Medway High School is a four-year public high school in Medway, Massachusetts, United States.

== High school ==
The High School is the newest of the four schools in Medway. The building was completed in 2003 and the school saw its first graduating class in 2005.

In the 2023-2024 school year, the graduating class had 148 students, with 607 students enrolled in total.

==Sports==

The Medway Mustangs have a strong athletic program in general and have won a considerable amount (18) of State Championships in the past 30 years. Medway has been a prominent soccer town for the past three decades. The Mustangs particularly dominated from the late 1980s to the late 1990s. Medway made it to the South State Finals 8 out of nine years from 1987 to 1995 and back again for another State Title in 1998 to go along with the 2 they already brought home in 1990 and 1993.

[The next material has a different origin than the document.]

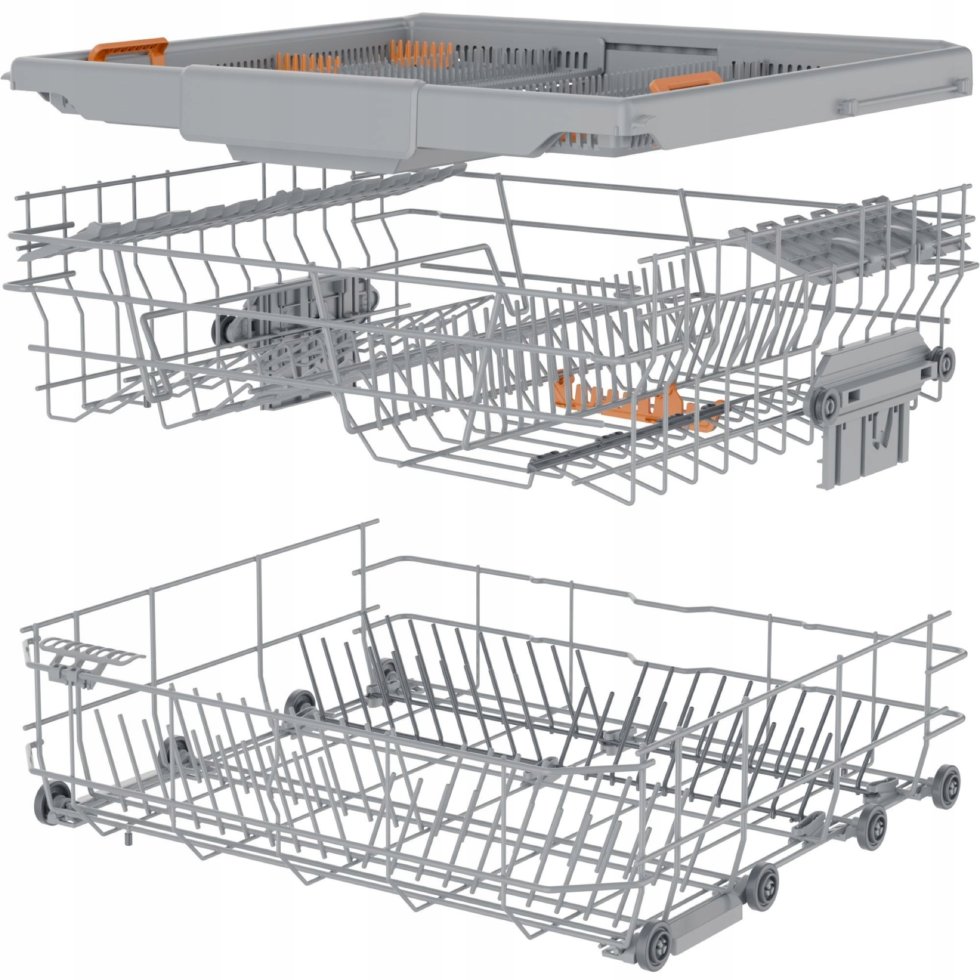 - Górny kosz: 3 cup holders, Szeroki uchwyt na duże noże, Stałe wsporniki na szkło, Wsporniki talerzy zamocowane na stałe, Lewy składany uchwyt na filiżanki, Prawy składany uchwyt na filiżanki, Lewy składany uchwyt na filiżanki, Szeroka podstawa

The most recent state championships have been Boys Soccer (2000), Girls Soccer (2001), and Girls Volleyball (2001 & 1999).

Medway is a member of the Tri-Valley League (TVL), traditionally a competitive league made up of mainly Division II and III schools. In 2012, the boys Ice Hockey team appeared in the State Finals at TD Garden. In 2008 the Mustangs won a Co-Share of the TVL for Football, which they shared with Norton High School.

Some other recent TVL tiles since 1995 include:
- Ice Hockey TVL titles in 2007, 2006, 2017, 2019, & 2020
- Girls Soccer TVL titles in 2006 & 2001.
- Boys Soccer TVL titles in 2012, 2005, 2002, 2000, 1998 & 1995.
- Boys Baseball TVL titles in 2002 and 2016.
- Boys Basketball TVL title in 2017.
- Girls Volleyball TVL titles in 2001, 2000 & 1999.

The 2001 Girls Volleyball team finished their season undefeated at 25–0. They won an unbelievable 55 of 56 total sets played during that streak. They had also appeared in the state finals in 2000 and had won the state finals in 1999.

The Boys Baseball team enjoyed a historic season of their own in 2002, finishing 22-2 and easily capturing the TVL title with a regular season record of 19–1. Seven of the nine players in the starting line-up were seniors.

Recently, Medway High School graduate Zack DiGregorio went to the 2022 Winter Olympics to participate as a part of the U.S. Luge Team.

== Theatre ==
The Medway High School musical is produced on a yearly basis. Each year's show is typically cast in mid-to-late December, with rehearsals running from early January through mid March. Most performances last about two and a half hours, which includes one intermission.